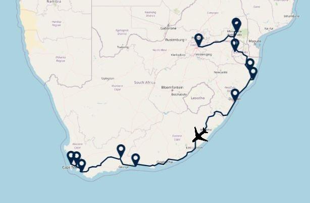 Deze reis is een voorbeeld van een reisroute van een rondreis Zuid-Afrika. Wilt u de reis aanpassen, inkorten of verlengen? Alles is mogelijk! U kunt uw wensen kenbaar maken via het offerteformulier. Wij hebben uitgebreide reiservaring in Zuid-Afrika en stellen graag, in samenspraak met u, de Zuid-Afrika rondreis samen die volledig aansluit bij uw wensen.
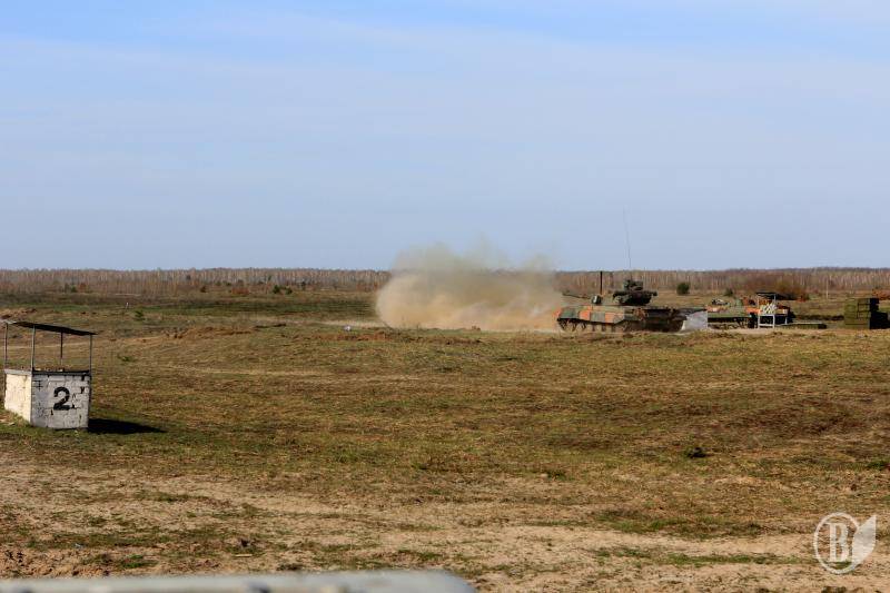 З танкової гармати бійці повинні були влучити у мішень-танк, що рухається під кутом 25 градусів зі швидкістю
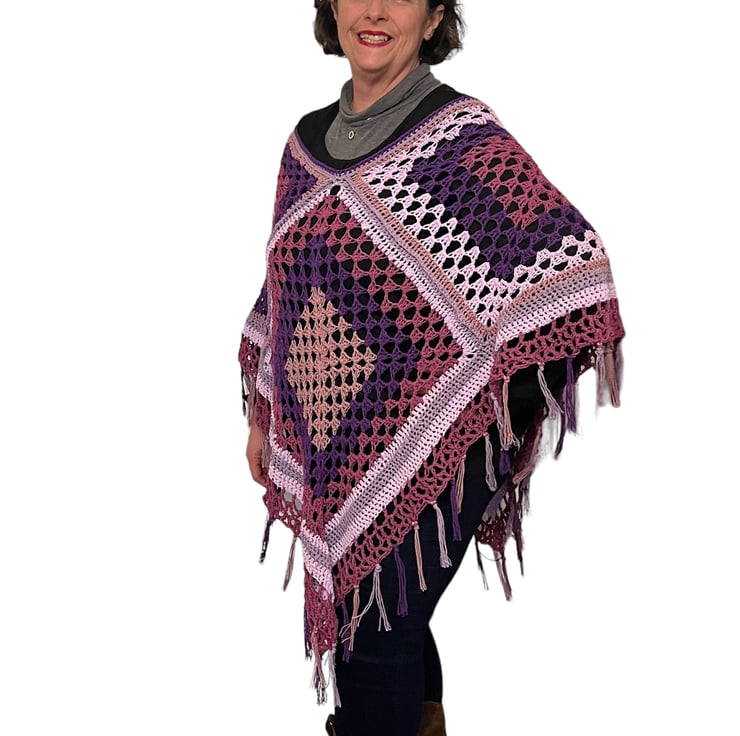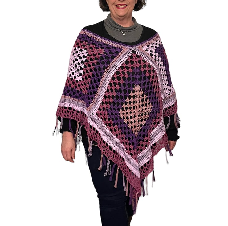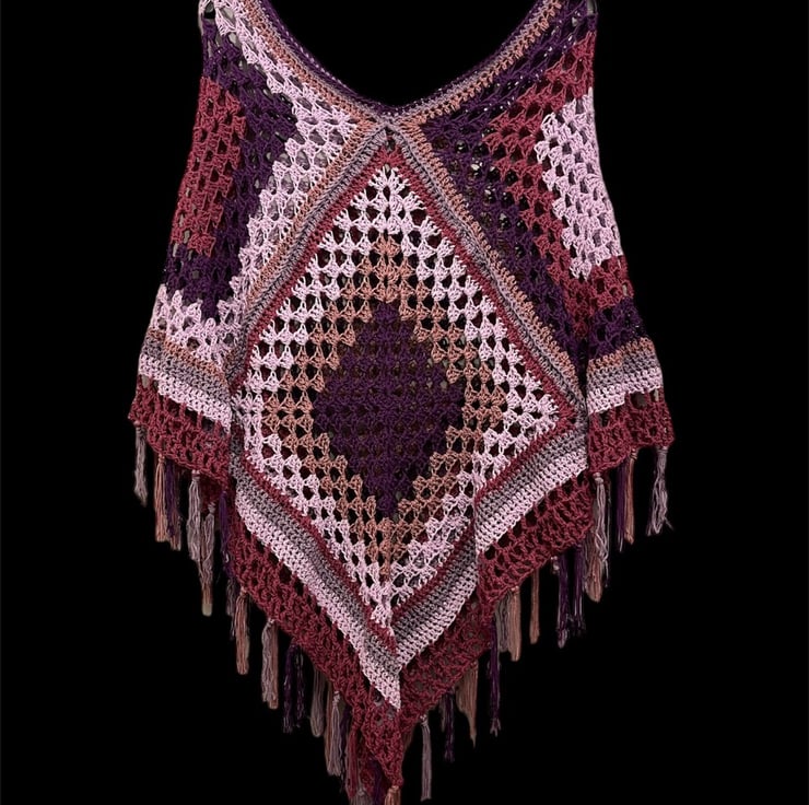 These ponchos are light and airy. Crocheted from a Bamboo/Acrylic blend yarn makes this the perfect poncho for Spring & Summer. One size fits most.
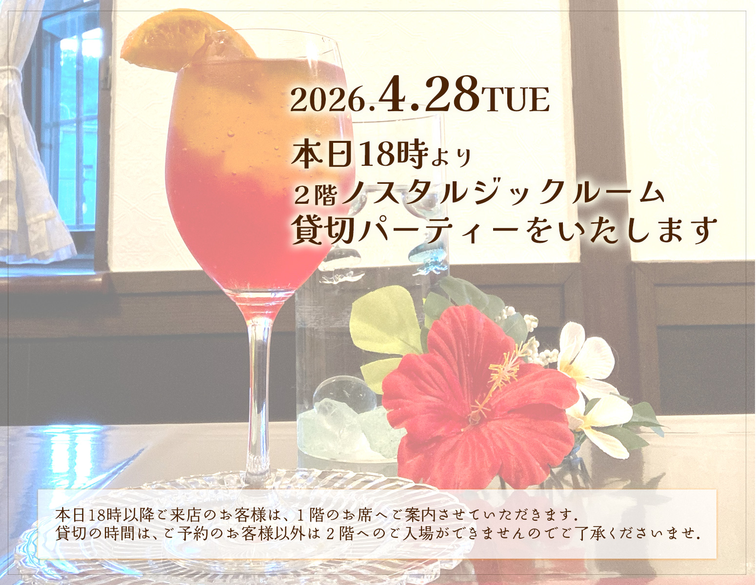 2026.4.28.18時より2階ノスタルジックルームで貸切パーティーをいたします
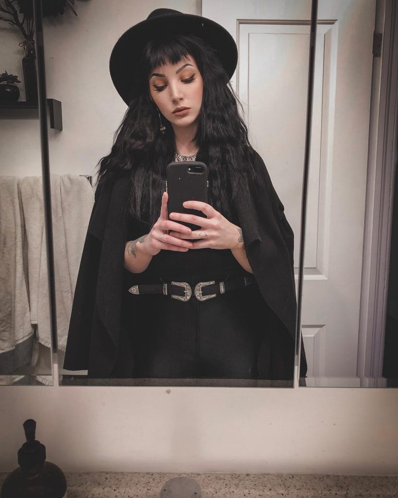 This look feels like a modern goth dream—mysterious, chic, and effortlessly stylish. The textured black hair, the cape-style top, and the classic hat create a powerful silhouette that carries hints of 90s inspo and aesthetic minimalism. It’s dark, sleek, and quietly dramatic without trying too hard, giving the kind of energy that makes you feel grounded and magnetic at the same time.

+-------+

▸ **What the task asks**:
What you return should be the exact lines from the one containing "2026.4.28.18時よ" through the end of the listing above, both included, minus any pictures.

▸ **Exercise result**:
 2026.4.28.18時より2階ノスタルジックルームで貸切パーティーをいたします
 This look feels like a modern goth dream—mysterious, chic, and effortlessly stylish. The textured black hair, the cape-style top, and the classic hat create a powerful silhouette that carries hints of 90s inspo and aesthetic minimalism. It’s dark, sleek, and quietly dramatic without trying too hard, giving the kind of energy that makes you feel grounded and magnetic at the same time.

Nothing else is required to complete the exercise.